Our enemies are obsessed with jamming our OODA Loops. They do not want us to have even a moment to think. An OODA loop is a decision making process: observe–orient–decide–act. We take in information, and we make a decision on how to act to change things. Our enemies keep distracting us with constantly changing information, and we keep getting stuck in the OO stage, never making decisions, never acting to change things, because we are constantly trying to figure out the nature of the trap we are caught in. But that is the trap we are caught in! We end up stuck in endless puzzling debates, making no productive plans to achieve victory in even one small way.
When a fresh news story gets hyped up, and people say “oh oh they are just distracting us”, it is THINKING TIME they are distracting us from. A moment for the dust to settle, for even a minute of propaganda-free time, to be able to make a plan to counter our enemy’s plans. They cannot allow us this minute. We are allowed no firm place to stand. They have to bombard us with useless factoids and storylines 24/7, little rabbit holes and dead-ends and intrigue and drama, or else we might form together into something capable of defeating their psychological operations. Distraction and overload is their primary weapon against us. Unfortunately, we keep falling for this trick.
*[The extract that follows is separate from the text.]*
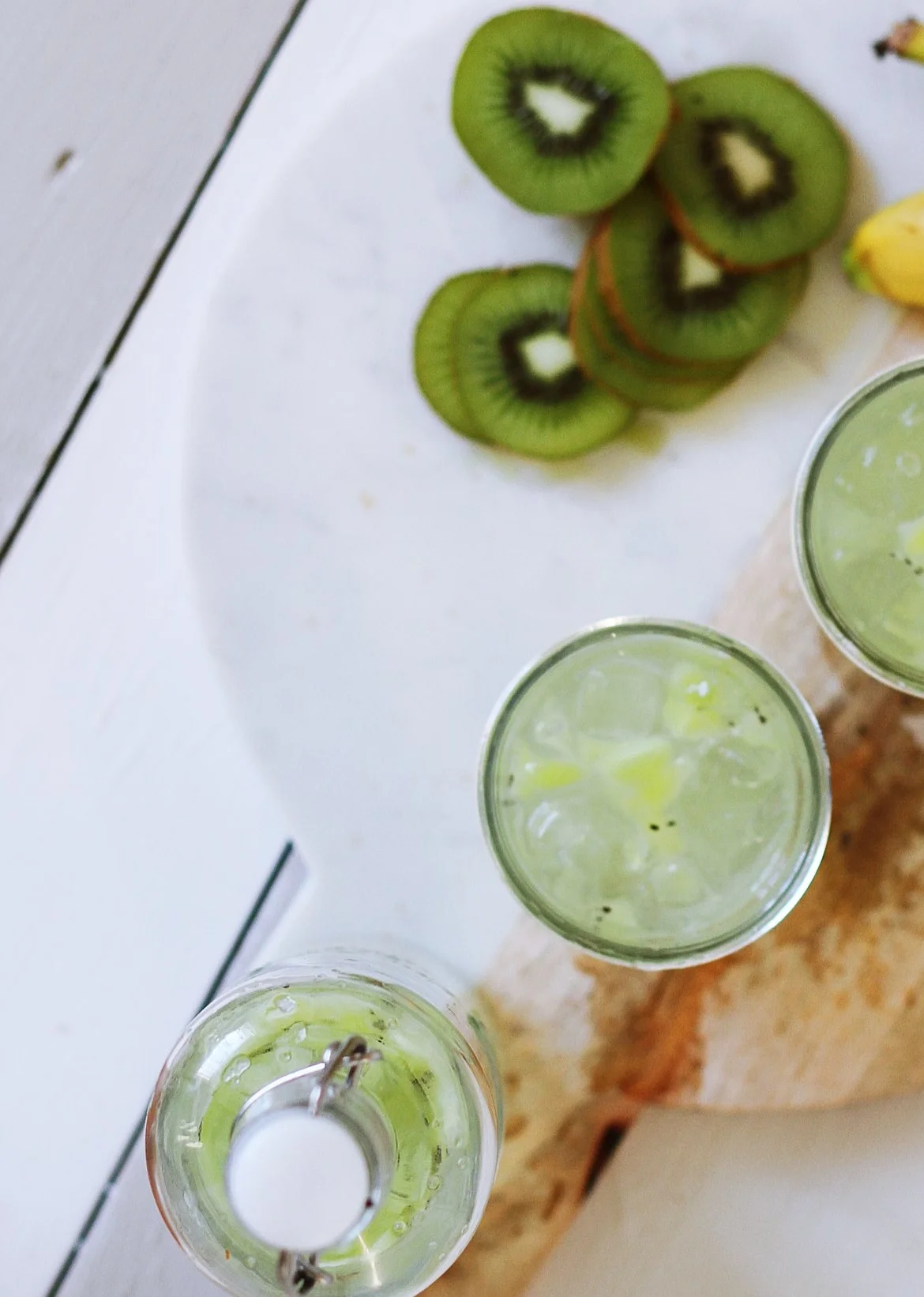 3 kiwi slices muddled (or 3/4 oz kiwi puree)

The OODA loop is the cycle observe–orient–decide–act, developed by military strategist and United States Air Force Colonel John Boyd. Boyd applied the concept to the combat operations process, often at the operational level during military campaigns. It is now also often applied to understand commercial operations and learning processes. The approach explains how agility can overcome raw power in dealing with human opponents. It is especially applicable to cyber security and cyberwarfare.[1]

The OODA loop has become an important concept in litigation,[2] business,[3]law enforcement,[4] and military strategy. According to Boyd, decision-making occurs in a recurring cycle of observe–orient–decide–act. An entity (whether an individual or an organization) that can process this cycle quickly, observing and reacting to unfolding events more rapidly than an opponent, can thereby “get inside” the opponent’s decision cycle and gain the advantage.